Folglich sind nur die intellektuell redlichen, ernsthaft um die Wahrheit bemühten Ungläubigen dazu geeignet, ins Paradies aufgenommen zu werden. Nur diese erfüllen die Testbedingungen. Und das erklärt auch plötzlich viele der großen Geheimnisse:

  • Gottes Verstecktheit ist wichtig, weil viele von seiner schieren Machtpräsenz "erdrückt" aus Angst und Egoismus an ihn glauben würden, nicht aus intellektueller Redlichkeit und einem Bemühen auf der Suche danach, was gut und was böse ist.
  • Ein falsches Bild eines bösen Gottes wie in der Bibel ist wichtig, um zu testen, ob jemand Moral oder Glauben wählt. Dies prüft auch, ob jemand angesichts aller Drohungen und sozialen Drucks sich genug unabhängiges Denken bewahrt hat, um sich mutig gegen diesen Gott zu entscheiden. Es ist falsch, etwas zu glauben, nur weil jemand es geschrieben hat, gegen das, was uns uns die sinnliche Erfahrung sagt und was wissenschaftlich prüfbar ist.
  • Natürliche Übel und ungehinderte menschliche Bösartigkeit ist deswegen wichtig, weil wir nur so selbstverantwortlich uns für das Gute entscheiden können, ohne eine "moralische Macht" hinter allem zu vermuten. Wenn das Universum wohlgeordnet wäre, mit einer erkennbaren und universellen Moral, so müsste man vernünftig schließen, dass ein guter Gott existiert und würde diesem wegen der Angst vor ihm folgen, aber nicht deswegen, weil einem daran gelegen ist, moralisch richtig zu handeln.
  • Ein weiterer Test ist das NT, welches ein anderes, positiveres Bild von Gott zeichnet (abgesehen von der Androhung der Höllenstrafe, die wiederum eine üble Sache ist). Nur so wird einem intellektuell redlichen Menschen bewusst, wie widersprüchlich die moralische Grundlage der Bibel eigentlich ist, und würde diese Widersprüche als Verwirrungstaktik eines bösen Gottes zurückweisen und lieber annehmen, dass es keinen Gott gibt. Moralisch unreife Menschen werden sich einfach dem Druck der Höllendrohungen beugen.
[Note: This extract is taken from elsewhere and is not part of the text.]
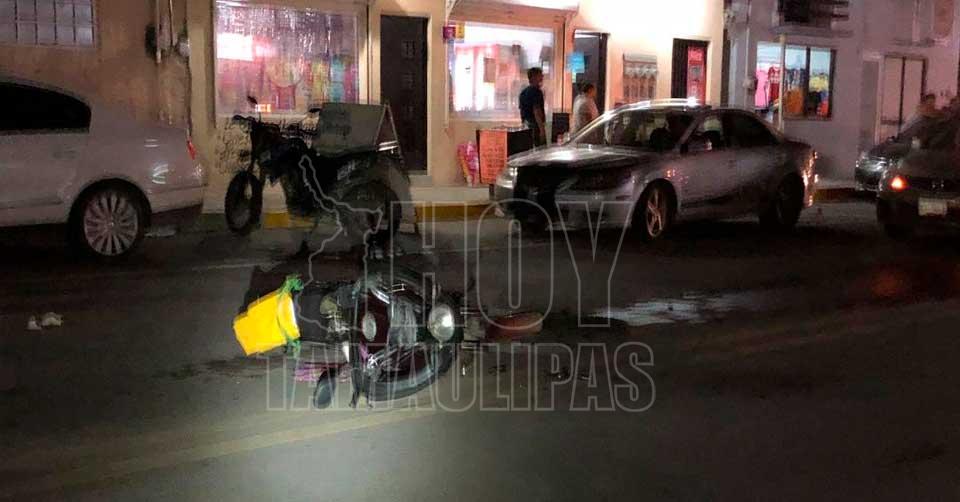 Ciudad Victoria, Tamaulipas. – Un motociclista repartidor resultó con lesiones de consideración la noche de este jueves, luego de ser embestido por una camioneta en el cruce de la calle 27 y Avenida Central, en la colonia Lázaro Cárdenas en Ciudad Victoria.

Der einzige Weg, den Willen der Menschen zu testen ist der, zu sehen, ob sie zu Ungläubigen werden oder nicht. Und nur die selbstbewussten Ungläubigen bestehen diesen Test. Nur wer gut ist um des Guten willen und nicht wegen Paradiesversprechungen oder Höllendrohungen ist geeignet, dass Paradies zu bevölkern, ohne in seinem freien Willen dazu zu neigen, gleich wieder Böses zu tun (früher oder später, bei unendlicher Zeit ist dazu die Versuchung und die Wahrscheinlichkeit dazu sehr groß).

Schlussfolgerung

Aus den angeführten Gründen ergibt sich, dass dies eine bessere Erklärung für den Zustand der Welt und der Bibel ist als die gängigen Thesen der Gläubigen. Und weil dies gegen alle Schlussfolgerungen von Pascals Wette steht, folgt daraus, dass die Wette einen Glauben an Gott nicht rechtfertigt und daher zu verwerfen ist, weil der Glauben an Gott eben nicht die beste Wahl ist.